For me this is how I now define hope: I am calling upon myself to hold my son as whole, and my love for him as whole, independent of any will or action on his part. It is a hope that comes from faith. Hopefulness is an attitude about life, that I choose to hold. It requires not one thing at all to happen. I am living from hope. Hope has become the lens through which I live life.

I met my son when he was 22 months old. He had been separated from his birth parents since age 2 weeks, and living in an orphanage-type setting. There was nothing about his situation that was hopeful. And yet my immediate connection to and love for him was the most overwhelming force in my whole life. And his for me. We built a life together based upon connection and the greatest of loves.

As he began to act out and suffer when he became an adult, an overriding question was how I could not hang onto that faith and hope, I had had so many years before, when in fact, I should have been afraid. But more important to me is, how to replicate now, that faith and hope that I felt so automatically and completely.

How do I hold hope and faith within myself, and my son, now that I have no control over any result.

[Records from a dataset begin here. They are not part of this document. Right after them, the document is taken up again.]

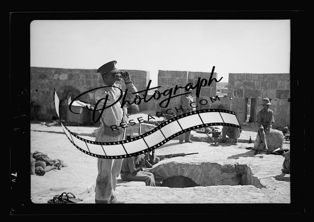 Title: War-like scene on roof of Tower of David, mounted machine guns - tele.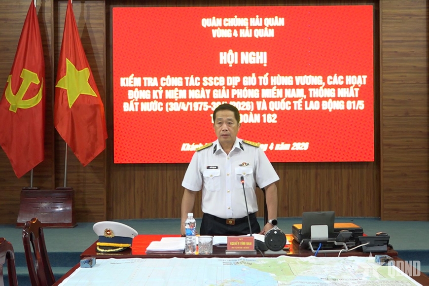 Sáng 14-4, tại Quân cảng Cam Ranh, tỉnh Khánh Hòa, Đại tá Nguyễn Vĩnh Nam, Phó tư lệnh Vùng 4 Hải quân cùng đoàn công tác Bộ tư lệnh Vùng đã đến kiểm tra công tác sẵn sàng chiến đấu bảo vệ Giỗ Tổ Hùng Vương, 51 năm Ngày Giải phóng miền Nam, thống nhất đất nước (30-4-1975 / 30-4-2026) và Quốc tế Lao động (1-5) tại Lữ đoàn 162.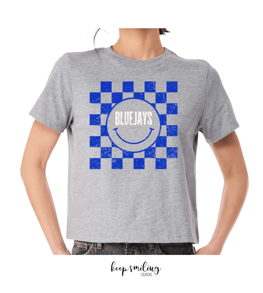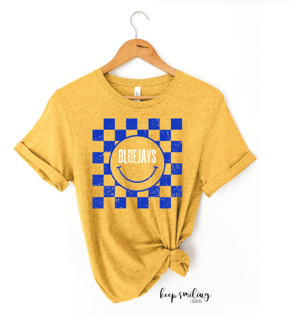 Smiley checkered Bluejays tee in a couple different options!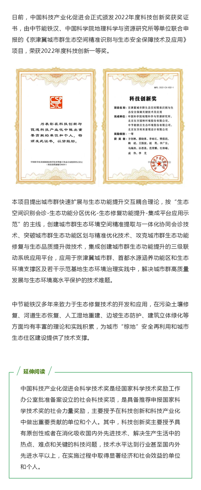 喜報!中節(jié)能鐵漢科研成果獲中國科技產業(yè)化促進會科技創(chuàng)新一等獎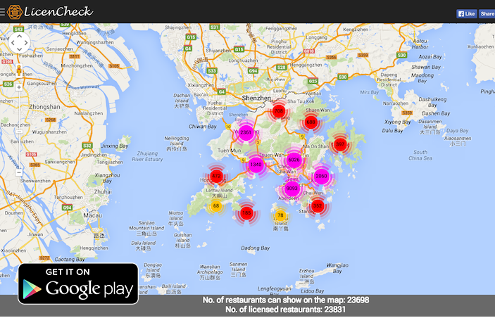 - LicenCheck (an Android and web app that provides a map view of Hong Kong with markers locating all licensed restaurants)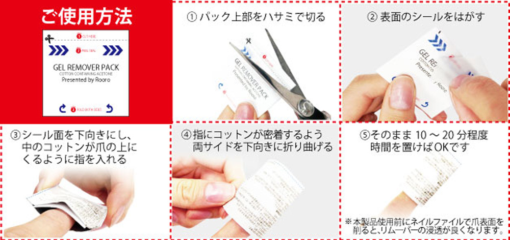ジェルネイルのオフの際に必要なアイテムが1つになったパックです。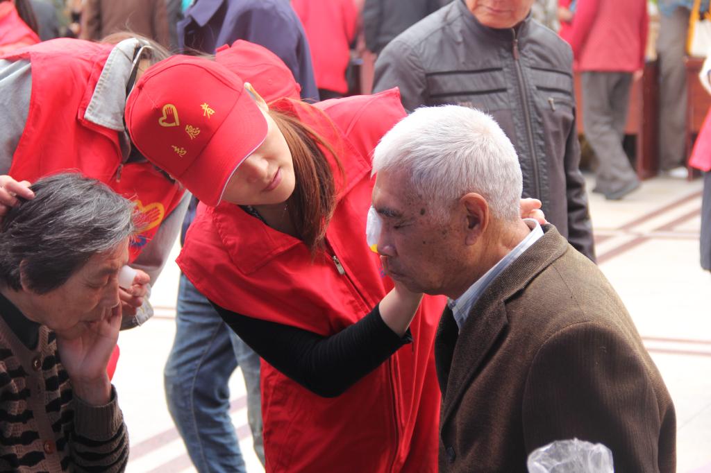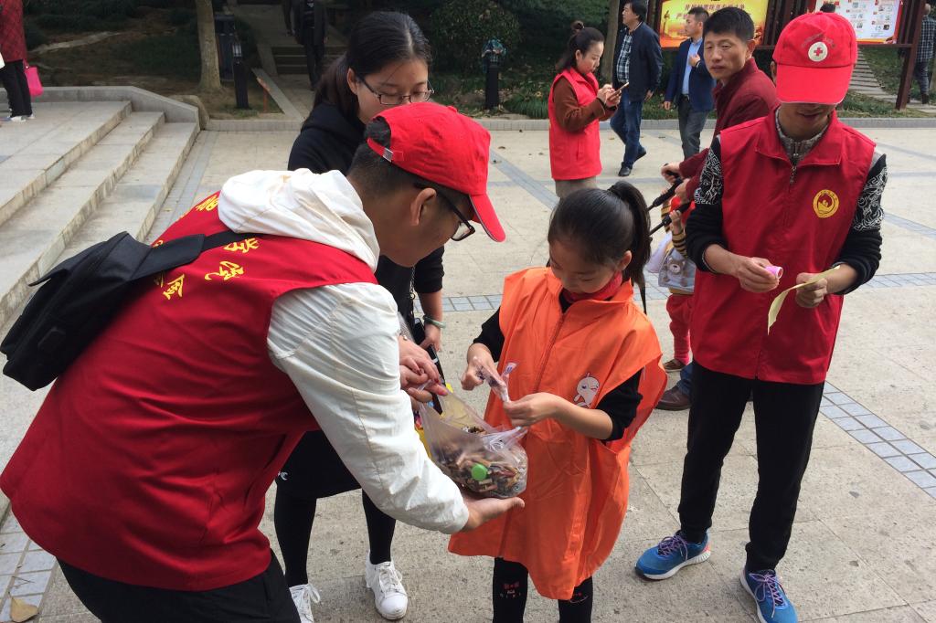 12月4日上午,志愿者们来到普陀区北安公园开展文明城市创建宣传,并为为沈家门老城区的老人们提供冬季健康知识咨询、血压测量、理发等便民服务。

I have come to see that the important thing now, is my love for him, and my faith, not how he acts or what he does. I have come to the sense that these things, my love, my faith and my hope are indistinguisable from my own well-being. I will be whole and strong if I can hold onto my love for my son as whole and strong.
 

Nomad

Well-Known Member
Staff member
It was the very word “hope,” that brought me to therapy regarding my Difficult Child. I had lost hope. It was a loss. I gave 110 percent and it took a part of my soul. And I made somewhere between very little to no headway. So, no hope. You can’t make other people do what you think is the right or healthy thing. You can encourage, guide, do the carrot and stick Etc. But, in the end..they make their own personal choice. This lack of hope tore into my soul and brought me to my knees challenging my faith. At some point I had to do the proverbial “give it to Gxd,” taking my cue from AA. It brought relief. I do the best I can with our Difficult Child and I wouldn’t exactly say “hope” for the best. I have more of an “it is what it is” attitude. Over many many years, she has made very small inroads and Im grateful. It’s actually a powerful word for me with reference to my Difficult Child.excellent article. Thank you.
 

BusynMember1

Well-Known Member
In no way have I lost my deep belief in God. I gave Kay to God with no strings attached. I trust God. He will watch over her eternally. No matter what. He loves her.

I have personally given up any expectations. Living in the moment, focusing on myself and the much good in my life and being positive works for me. I feel light, renewed, happy....Kay no longer controls me and I love her but no longer need for her to do better. It's hard to explain. In Al Anon I learned that only one person can make me happy and meet my expectations. That one person is me. Yes, we still do Al Anon, but remotely.

Anyway, I pray for all of you. Hugs and love.